Pollo Tropical, Taco Cabana Parent Gives Back Small Business Aid; Treasury Aims To Have PPP Funds Given To Larger Firms Returned

Pollo Tropical

The coronavirus pandemic is disrupting businesses large and small. While the Paycheck Protection Program (PPP) was intended to help small- to medium-sized businesses (SMBs) weather the economic storm, some larger companies received loans from the program.

The Treasury Department, for its part, is feverishly seeking to find a method to get hundreds of millions in funds from large companies that applied for the loans and attained them under the original terms of the program, The New York Times reported.

The Los Angeles Lakers, in one case, were said to be the newest exhibit of a large firm that was able to qualify for a loan from a program, which was created in a rush. (The Lakers have reportedly returned the funds.)

Steven Mnuchin, the secretary of the Treasury, said the administration would audit any firm that took in over $2 million. Congress made the program as part of March’s $2 trillion economic relief package, which it meant to serve as a lifeline for SMBs. Eligibility requirements were not specific, but the money made companies keep staffers on the payroll for two months if the firms sought to have the loans forgiven.

Restaurant Loans

The parent company of Taco Cabana and Pollo Tropical, Fiesta Restaurant Group, has said in a federal filing that it will be giving back $15 million in PPP loans, CNBC reported. Fiesta took in just under $160 million in revenue in the fourth quarter of 2019, and its shares were higher by over 20 percent on Wednesday (April 29) in midday trading.

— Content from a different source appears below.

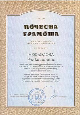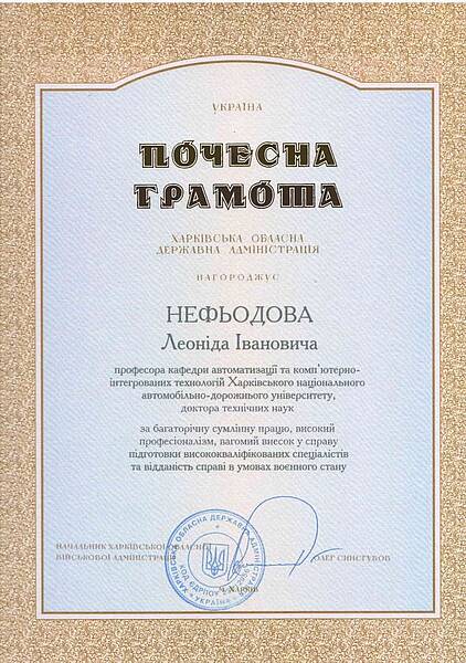Вітаємо професора Нефьодова Леоніда Івановича з отриманням почесної грамоти Харківської областної державної адміністрації

The company received loans to indirect subsidiaries Texas Taco Cabana, LP, and Pollo Operations Inc. from JPMorgan Chase. Its loans were first reportedly made public in a Morgan Stanley report on big public firms that received the funds. Fiesta has a market cap in excess of $205 million.

Treasury Guidance

On April 23, the Treasury Department put forward new guidance directing public companies to give back PPP loans by May 7 if they are not able to prove they were eligible for a loan.

A few days before the news surfaced, Shake Shack CEO Randy Garutti and Founder Danny Meyer said they were giving back a $10 million PPP loan. They wrote in a letter on LinkedIn, “We’ve decided to immediately return the entire $10 million PPP loan we received last week to the SBA so that those restaurants who need it most can get it now.”

But, while a share of the over 200 publicly traded companies that received PPP funds agreed to return the millions they received, many are keeping the money, claiming it will be used for paying furloughed staffers.